More than other form of intellectual property, a buyer’s exposure to the seller’s trade secrets can cause liability and restrict the buyers’ business moving forward. The buyer’s actions in the context of a strategic acquisition can also impact the value of the trade secrets acquired. A buyer should have a broad view of what constitutes a trade secret. Any information that derives independent economic value from remaining secret and is subject to reasonable efforts to maintain secrecy could qualify for protection. For example, negative information, such as initial designs that failed, can be incredibly valuable to a competitor by saving time and resources in an R&D budget.
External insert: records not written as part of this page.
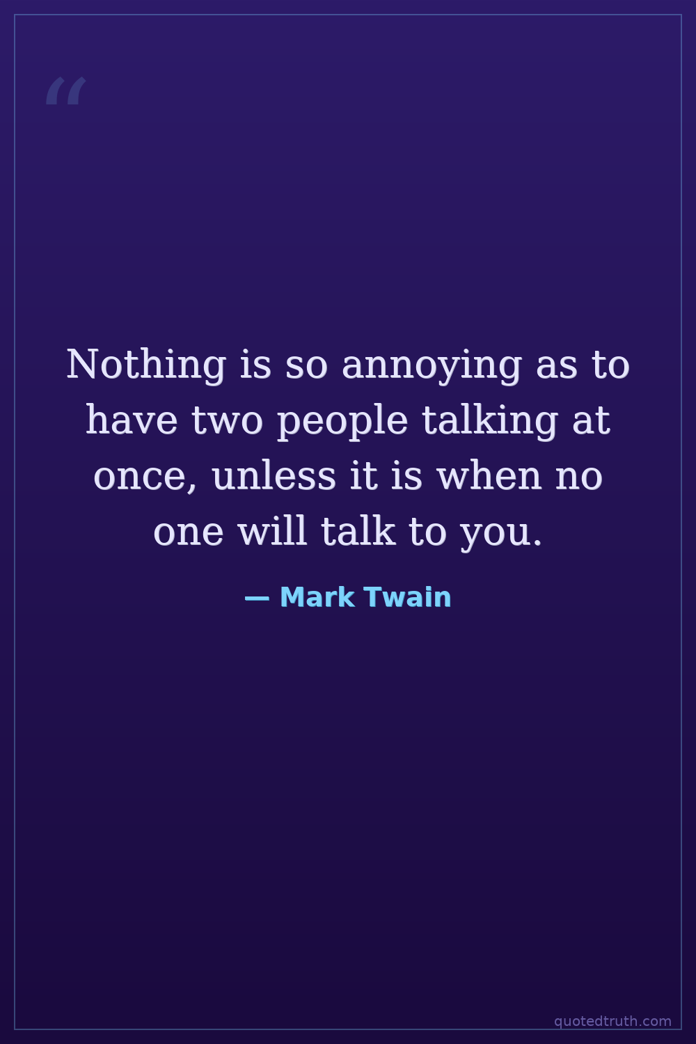 Nothing is so annoying as to have two people talking at once, unless it is when no one will talk to you.
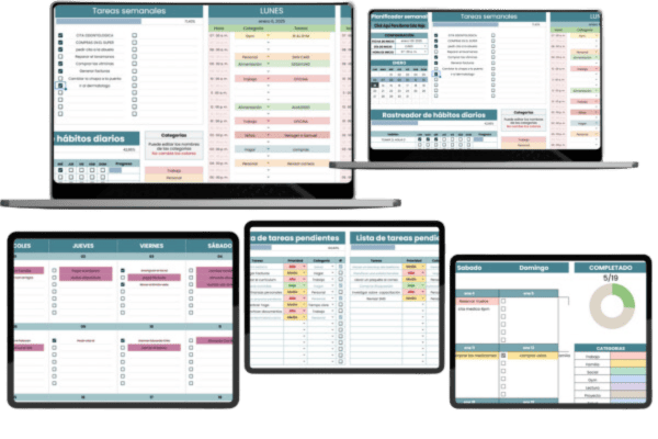 Adquiere La Plantilla de Planificador Semanal  y Empieza a Organizar Tu Vida Con Un Solo Clic, Obtienes También BONOS Exclusivos
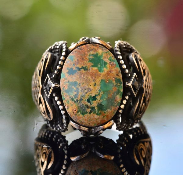 Erkekler için Yeşil Turkuaz Taş Yüzük
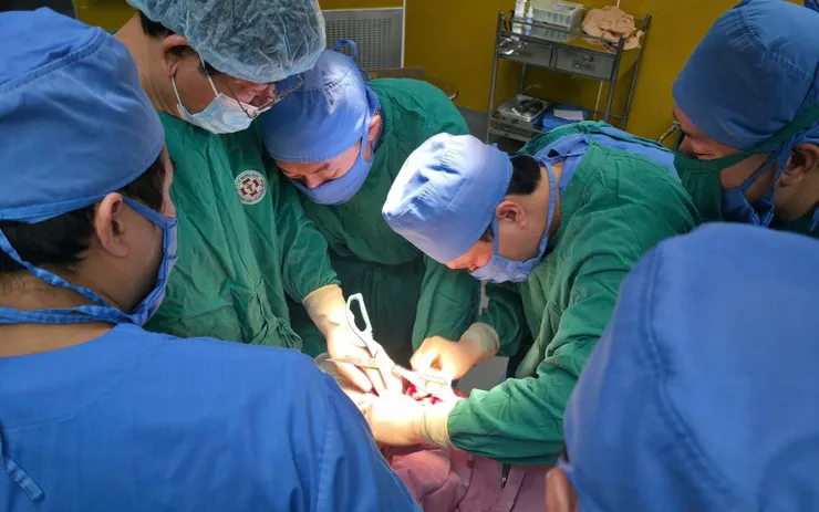 Bệnh nhi được chụp CT dựng hình 3D để xác định chính xác đường đi của dị vật, đồng thời tiến hành hội chẩn liên chuyên khoa. Ca phẫu thuật được triển khai khẩn trương dưới gây mê nội khí quản, với sự phối hợp của các chuyên khoa Nhãn, Ngoại, Gây mê hồi sức và Chẩn đoán hình ảnh.
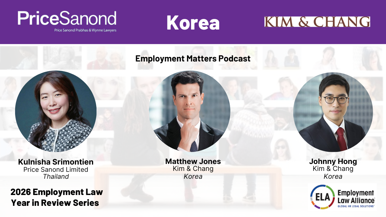 Listen in as we discuss the most impactful employment law regulations of 2025 and forecast what employers can expect in 2026. Subscribe to our podcast today to stay up to date on employment issues from law experts worldwide. Host: Kulnisha Srimontien ( email ) ( Price Sanond Limited / Thailand) Guest Speakers: Matthew Jones ( email ) & Johnny Hong ( email ) ( Kim & Chang / Korea) Support the show Register on the ELA website here to receive email invitations to future programs.
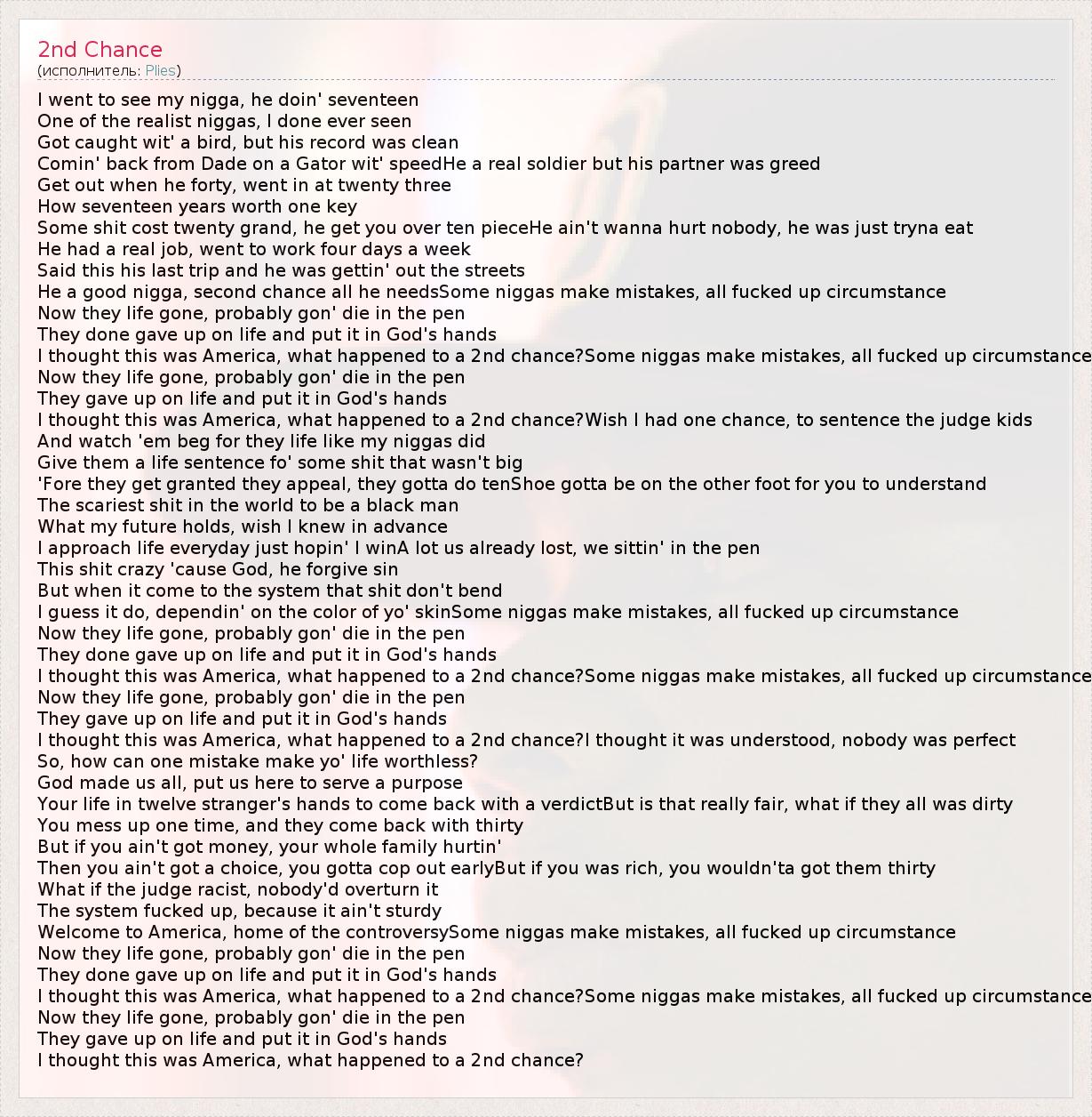 I thought this was America, what happened to a 2nd chance?Some niggas make mistakes, all fucked up circumstance
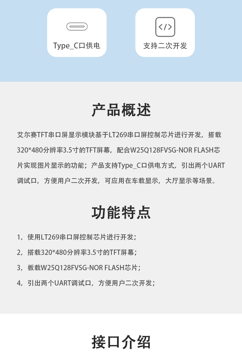 LT269 HMI 智能串口屏 显示模块 3.5寸TFT带触摸 二次开发
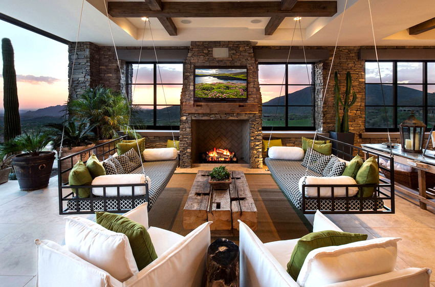 Лучше всего такой минимальный набор дополнить шезлонгом, гамаком, креслом-качалкой. Популярность сейчас набирают также подвесные кресла-коконы, которые добавляют в любой интерьер изюминку.
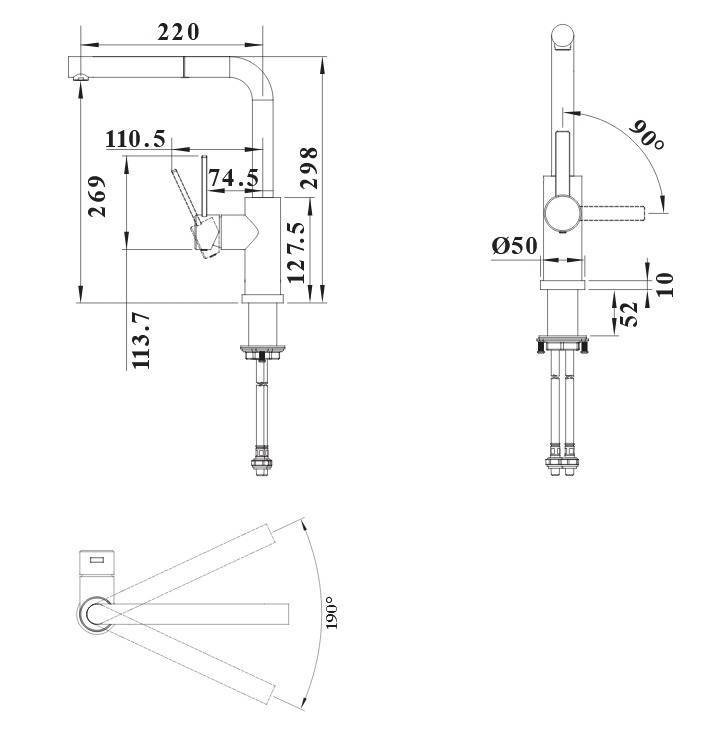 Угол поворота излива: 190 °
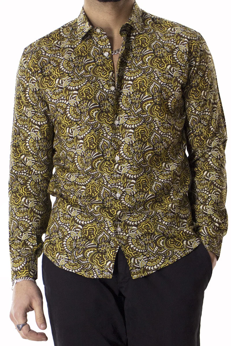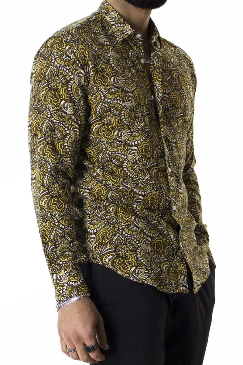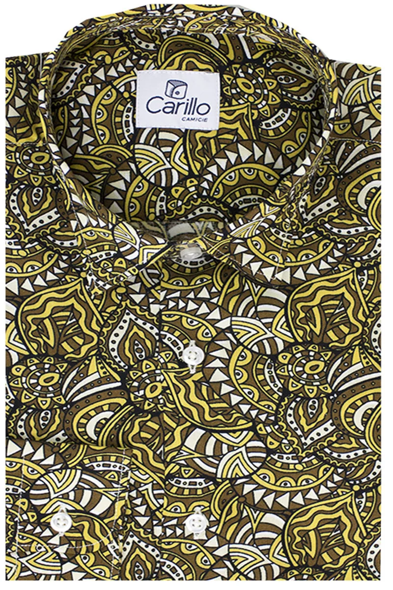 La Camicia Uomo In Viscosa Fantasia Egizia Marrone e gialla Con vestibilita comoda Taglio Regular , manica lunga in Viscosa di CARILLOCAMICIE e ormai per i nostri clienti sinonimo di garanzia e qualita. Questo modelloin particolare, viene scelto da una tipologia di persone che amano vestire benee nello stesso tempo scelgono la comodita. Infatti grazie alle caratteristiche deltessuto composto dal 100% Viscosa Effetto Seta permettono a chi le indossa di sceglierela sua misura perfetta e non preoccuparsi delle limitazioni dei movimenti.

It is important to have a signed non-disclosure agreement in place at the beginning of the due diligence process. Accessing trade secret information carries the risk of misappropriation claims should the relationship become contentious. Be mindful of the stage of the transaction when sharing trade secrets. Often, the seller phases its disclosures so that highly sensitive information is disclosed later. Conversely, the buyer will push for broader disclosures earlier in the process.
Be mindful of special considerations where the seller’s material trade secrets include proprietary software. The buyer will want to learn from due diligence where the source code is stored, who has access and whether any audits have been performed. Trade secret litigation could arise following a failed transaction, especially between competitors. The buyer should begin the deal process mindful of this possibility.